Below is some data. Retype exactly the lines starting at the one with "Haftowane kolczyki skrzydła" and ending at the one with "不管你是鸿蒙开发者,还是单纯想找个小游戏放松大脑,这款记忆翻牌都值得试试~".

[Records from a collection]
◆ ◆ ◆ ◆ ◆ ◆ ◆

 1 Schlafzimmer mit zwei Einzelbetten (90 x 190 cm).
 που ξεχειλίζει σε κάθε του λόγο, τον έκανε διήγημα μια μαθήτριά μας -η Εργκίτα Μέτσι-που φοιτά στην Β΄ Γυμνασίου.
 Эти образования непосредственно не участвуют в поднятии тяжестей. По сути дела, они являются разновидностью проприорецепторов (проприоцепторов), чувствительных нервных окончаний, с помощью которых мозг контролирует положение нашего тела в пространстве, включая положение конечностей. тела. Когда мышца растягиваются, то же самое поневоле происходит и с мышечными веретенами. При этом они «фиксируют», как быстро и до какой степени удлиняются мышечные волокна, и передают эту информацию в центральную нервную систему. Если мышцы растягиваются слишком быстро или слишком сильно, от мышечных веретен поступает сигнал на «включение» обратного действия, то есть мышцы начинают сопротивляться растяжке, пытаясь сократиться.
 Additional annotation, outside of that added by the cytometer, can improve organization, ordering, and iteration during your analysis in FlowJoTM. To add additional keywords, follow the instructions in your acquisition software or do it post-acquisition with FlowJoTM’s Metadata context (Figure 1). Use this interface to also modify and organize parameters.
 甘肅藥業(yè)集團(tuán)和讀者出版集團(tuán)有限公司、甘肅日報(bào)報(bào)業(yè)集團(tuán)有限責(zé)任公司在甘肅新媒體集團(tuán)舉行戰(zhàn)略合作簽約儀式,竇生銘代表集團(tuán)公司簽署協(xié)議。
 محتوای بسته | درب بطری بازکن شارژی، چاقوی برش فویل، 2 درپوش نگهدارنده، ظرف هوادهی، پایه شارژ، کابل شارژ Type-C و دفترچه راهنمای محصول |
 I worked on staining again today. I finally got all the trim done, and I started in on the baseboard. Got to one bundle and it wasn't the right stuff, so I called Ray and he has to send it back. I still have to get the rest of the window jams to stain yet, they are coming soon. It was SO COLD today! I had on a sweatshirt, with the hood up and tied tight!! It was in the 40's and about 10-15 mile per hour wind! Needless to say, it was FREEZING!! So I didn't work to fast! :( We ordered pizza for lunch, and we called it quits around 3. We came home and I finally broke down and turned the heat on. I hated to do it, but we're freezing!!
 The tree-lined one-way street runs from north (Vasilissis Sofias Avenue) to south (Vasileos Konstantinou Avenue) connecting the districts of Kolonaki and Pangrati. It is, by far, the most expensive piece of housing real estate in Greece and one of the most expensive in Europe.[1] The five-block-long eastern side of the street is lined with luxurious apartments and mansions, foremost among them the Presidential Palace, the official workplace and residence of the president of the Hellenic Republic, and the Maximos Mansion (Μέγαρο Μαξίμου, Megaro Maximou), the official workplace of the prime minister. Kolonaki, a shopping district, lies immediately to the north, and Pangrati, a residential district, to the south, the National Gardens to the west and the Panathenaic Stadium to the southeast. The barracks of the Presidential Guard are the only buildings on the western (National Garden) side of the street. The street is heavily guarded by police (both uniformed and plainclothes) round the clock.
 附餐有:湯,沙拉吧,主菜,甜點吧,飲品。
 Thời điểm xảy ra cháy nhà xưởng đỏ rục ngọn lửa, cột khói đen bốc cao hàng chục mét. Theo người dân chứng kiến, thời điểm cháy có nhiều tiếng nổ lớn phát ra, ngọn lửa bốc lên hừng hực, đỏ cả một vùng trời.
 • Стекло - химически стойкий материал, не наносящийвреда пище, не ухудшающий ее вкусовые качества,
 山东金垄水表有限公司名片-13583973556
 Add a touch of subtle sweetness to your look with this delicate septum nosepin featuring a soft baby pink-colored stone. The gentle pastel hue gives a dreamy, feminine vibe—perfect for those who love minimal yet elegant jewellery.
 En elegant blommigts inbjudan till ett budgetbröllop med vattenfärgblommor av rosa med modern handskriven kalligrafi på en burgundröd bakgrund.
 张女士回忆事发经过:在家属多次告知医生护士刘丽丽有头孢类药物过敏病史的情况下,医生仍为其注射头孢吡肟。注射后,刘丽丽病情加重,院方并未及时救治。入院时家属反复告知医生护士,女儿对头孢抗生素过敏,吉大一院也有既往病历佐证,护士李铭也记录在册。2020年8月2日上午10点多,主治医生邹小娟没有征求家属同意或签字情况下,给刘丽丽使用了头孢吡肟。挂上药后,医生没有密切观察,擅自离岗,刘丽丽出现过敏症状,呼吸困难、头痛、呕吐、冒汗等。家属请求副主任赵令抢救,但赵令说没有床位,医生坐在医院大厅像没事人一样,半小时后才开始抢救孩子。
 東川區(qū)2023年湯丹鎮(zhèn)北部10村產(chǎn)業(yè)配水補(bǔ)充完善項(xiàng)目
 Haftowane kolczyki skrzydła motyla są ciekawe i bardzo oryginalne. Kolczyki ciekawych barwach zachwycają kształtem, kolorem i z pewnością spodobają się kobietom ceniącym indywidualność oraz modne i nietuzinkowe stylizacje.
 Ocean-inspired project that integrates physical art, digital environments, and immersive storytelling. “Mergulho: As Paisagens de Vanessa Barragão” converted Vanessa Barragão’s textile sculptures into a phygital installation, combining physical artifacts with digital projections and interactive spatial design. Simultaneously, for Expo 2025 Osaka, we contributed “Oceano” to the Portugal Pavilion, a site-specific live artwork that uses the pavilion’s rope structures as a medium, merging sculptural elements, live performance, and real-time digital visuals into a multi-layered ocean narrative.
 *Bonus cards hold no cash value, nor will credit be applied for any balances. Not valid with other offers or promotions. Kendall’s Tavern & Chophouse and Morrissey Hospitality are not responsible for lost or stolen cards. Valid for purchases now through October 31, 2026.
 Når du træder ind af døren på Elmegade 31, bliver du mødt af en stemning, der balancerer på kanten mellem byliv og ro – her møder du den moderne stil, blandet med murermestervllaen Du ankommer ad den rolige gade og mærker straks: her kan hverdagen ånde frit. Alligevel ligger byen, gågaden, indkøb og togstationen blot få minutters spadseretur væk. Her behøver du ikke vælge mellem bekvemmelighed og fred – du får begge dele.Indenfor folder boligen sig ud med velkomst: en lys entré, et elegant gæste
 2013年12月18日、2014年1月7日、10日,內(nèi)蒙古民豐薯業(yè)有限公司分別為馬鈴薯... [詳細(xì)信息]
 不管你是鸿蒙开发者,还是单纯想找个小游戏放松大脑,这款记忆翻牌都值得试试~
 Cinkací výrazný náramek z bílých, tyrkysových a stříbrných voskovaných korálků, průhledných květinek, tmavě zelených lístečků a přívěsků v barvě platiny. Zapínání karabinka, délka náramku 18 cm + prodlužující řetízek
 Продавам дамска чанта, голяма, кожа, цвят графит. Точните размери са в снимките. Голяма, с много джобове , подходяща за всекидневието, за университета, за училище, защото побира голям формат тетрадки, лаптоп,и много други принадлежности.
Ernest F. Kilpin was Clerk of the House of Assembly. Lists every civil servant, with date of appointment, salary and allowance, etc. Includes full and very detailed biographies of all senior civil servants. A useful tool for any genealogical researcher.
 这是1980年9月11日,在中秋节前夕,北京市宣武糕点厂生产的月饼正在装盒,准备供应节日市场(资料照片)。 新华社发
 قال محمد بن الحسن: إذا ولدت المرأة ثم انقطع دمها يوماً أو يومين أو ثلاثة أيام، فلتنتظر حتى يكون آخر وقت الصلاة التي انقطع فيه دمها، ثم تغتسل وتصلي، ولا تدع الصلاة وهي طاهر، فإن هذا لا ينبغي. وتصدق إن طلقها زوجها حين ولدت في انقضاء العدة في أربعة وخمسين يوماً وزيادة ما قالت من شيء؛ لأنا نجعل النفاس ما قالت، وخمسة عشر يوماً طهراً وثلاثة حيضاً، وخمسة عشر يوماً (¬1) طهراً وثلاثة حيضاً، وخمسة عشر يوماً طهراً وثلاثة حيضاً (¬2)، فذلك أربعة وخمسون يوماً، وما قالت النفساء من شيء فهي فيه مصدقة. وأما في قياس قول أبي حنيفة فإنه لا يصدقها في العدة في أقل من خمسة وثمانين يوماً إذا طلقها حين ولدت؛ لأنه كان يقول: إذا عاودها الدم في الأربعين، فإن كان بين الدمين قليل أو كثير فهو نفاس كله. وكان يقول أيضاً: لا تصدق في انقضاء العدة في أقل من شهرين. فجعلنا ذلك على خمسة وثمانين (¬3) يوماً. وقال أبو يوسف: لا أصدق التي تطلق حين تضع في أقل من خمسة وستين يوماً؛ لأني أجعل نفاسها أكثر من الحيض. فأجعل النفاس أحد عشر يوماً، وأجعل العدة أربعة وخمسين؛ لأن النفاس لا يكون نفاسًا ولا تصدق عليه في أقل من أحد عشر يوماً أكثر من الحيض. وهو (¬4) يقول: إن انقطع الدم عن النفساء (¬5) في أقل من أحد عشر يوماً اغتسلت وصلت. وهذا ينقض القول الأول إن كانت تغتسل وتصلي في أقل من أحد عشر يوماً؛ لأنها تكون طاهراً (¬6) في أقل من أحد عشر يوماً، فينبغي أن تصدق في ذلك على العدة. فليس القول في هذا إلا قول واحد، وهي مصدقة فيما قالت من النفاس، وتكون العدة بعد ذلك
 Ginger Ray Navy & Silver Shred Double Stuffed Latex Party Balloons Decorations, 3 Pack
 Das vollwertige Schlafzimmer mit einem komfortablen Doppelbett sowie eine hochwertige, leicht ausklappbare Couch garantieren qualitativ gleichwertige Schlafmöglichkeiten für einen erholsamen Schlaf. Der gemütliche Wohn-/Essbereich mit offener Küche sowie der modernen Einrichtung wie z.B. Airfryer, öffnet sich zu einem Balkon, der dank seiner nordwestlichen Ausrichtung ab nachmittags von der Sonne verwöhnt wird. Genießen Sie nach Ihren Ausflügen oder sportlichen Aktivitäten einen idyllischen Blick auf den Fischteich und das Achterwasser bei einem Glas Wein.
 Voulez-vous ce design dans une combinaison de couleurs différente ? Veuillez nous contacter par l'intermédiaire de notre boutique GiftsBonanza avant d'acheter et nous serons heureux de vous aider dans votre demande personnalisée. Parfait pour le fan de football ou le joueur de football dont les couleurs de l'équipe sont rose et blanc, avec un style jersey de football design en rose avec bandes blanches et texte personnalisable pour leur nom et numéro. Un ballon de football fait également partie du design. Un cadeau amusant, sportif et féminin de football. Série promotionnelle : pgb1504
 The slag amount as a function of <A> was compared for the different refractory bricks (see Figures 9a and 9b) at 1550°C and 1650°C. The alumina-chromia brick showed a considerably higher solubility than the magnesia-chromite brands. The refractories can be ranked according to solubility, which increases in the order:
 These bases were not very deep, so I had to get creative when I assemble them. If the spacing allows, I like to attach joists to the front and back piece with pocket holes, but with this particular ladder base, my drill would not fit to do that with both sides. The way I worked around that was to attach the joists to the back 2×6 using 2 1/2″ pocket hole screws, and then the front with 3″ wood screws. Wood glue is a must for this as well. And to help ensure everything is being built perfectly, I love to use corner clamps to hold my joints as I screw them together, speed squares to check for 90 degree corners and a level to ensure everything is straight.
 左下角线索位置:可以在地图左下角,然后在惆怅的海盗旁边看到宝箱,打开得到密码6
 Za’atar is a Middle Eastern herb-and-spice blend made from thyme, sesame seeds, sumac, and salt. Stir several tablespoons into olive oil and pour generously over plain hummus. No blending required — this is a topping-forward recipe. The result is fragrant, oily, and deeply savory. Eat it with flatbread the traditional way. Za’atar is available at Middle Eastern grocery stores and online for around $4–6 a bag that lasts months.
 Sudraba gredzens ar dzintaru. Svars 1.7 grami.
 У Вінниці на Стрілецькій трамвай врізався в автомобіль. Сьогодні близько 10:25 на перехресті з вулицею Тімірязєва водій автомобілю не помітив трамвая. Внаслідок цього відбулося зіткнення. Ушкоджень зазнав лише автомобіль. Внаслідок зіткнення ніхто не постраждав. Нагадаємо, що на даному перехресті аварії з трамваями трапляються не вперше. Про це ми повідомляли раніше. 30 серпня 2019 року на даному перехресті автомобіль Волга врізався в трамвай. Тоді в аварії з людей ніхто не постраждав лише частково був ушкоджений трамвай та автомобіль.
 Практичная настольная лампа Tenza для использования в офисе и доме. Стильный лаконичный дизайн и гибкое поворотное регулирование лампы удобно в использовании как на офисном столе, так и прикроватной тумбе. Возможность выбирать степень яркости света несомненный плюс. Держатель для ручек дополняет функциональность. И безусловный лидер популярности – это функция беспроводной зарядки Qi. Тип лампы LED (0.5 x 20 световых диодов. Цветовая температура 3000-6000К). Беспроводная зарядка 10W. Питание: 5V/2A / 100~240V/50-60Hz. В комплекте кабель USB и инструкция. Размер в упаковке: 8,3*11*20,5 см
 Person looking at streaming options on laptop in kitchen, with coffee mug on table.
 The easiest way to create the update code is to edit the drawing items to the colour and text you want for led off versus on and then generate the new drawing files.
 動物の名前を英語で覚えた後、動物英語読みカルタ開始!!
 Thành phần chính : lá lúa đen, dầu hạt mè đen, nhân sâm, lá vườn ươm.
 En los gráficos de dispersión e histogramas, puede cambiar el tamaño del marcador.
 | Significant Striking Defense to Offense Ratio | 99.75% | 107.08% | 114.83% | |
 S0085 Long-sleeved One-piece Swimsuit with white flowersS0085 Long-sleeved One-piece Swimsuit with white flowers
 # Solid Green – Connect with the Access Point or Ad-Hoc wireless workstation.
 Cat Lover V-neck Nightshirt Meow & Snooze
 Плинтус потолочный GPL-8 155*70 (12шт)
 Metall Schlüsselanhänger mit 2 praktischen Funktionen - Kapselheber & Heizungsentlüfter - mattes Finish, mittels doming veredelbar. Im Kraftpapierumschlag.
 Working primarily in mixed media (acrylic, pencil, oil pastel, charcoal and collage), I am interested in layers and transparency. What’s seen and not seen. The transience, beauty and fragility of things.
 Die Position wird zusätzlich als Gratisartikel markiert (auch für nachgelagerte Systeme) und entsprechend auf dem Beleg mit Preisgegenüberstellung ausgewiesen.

◆ ◆ ◆ ◆ ◆ ◆ ◆

Answer for the task »
 Haftowane kolczyki skrzydła motyla są ciekawe i bardzo oryginalne. Kolczyki ciekawych barwach zachwycają kształtem, kolorem i z pewnością spodobają się kobietom ceniącym indywidualność oraz modne i nietuzinkowe stylizacje.
 Ocean-inspired project that integrates physical art, digital environments, and immersive storytelling. “Mergulho: As Paisagens de Vanessa Barragão” converted Vanessa Barragão’s textile sculptures into a phygital installation, combining physical artifacts with digital projections and interactive spatial design. Simultaneously, for Expo 2025 Osaka, we contributed “Oceano” to the Portugal Pavilion, a site-specific live artwork that uses the pavilion’s rope structures as a medium, merging sculptural elements, live performance, and real-time digital visuals into a multi-layered ocean narrative.
 *Bonus cards hold no cash value, nor will credit be applied for any balances. Not valid with other offers or promotions. Kendall’s Tavern & Chophouse and Morrissey Hospitality are not responsible for lost or stolen cards. Valid for purchases now through October 31, 2026.
 Når du træder ind af døren på Elmegade 31, bliver du mødt af en stemning, der balancerer på kanten mellem byliv og ro – her møder du den moderne stil, blandet med murermestervllaen Du ankommer ad den rolige gade og mærker straks: her kan hverdagen ånde frit. Alligevel ligger byen, gågaden, indkøb og togstationen blot få minutters spadseretur væk. Her behøver du ikke vælge mellem bekvemmelighed og fred – du får begge dele.Indenfor folder boligen sig ud med velkomst: en lys entré, et elegant gæste
 2013年12月18日、2014年1月7日、10日,內(nèi)蒙古民豐薯業(yè)有限公司分別為馬鈴薯... [詳細(xì)信息]
 不管你是鸿蒙开发者,还是单纯想找个小游戏放松大脑,这款记忆翻牌都值得试试~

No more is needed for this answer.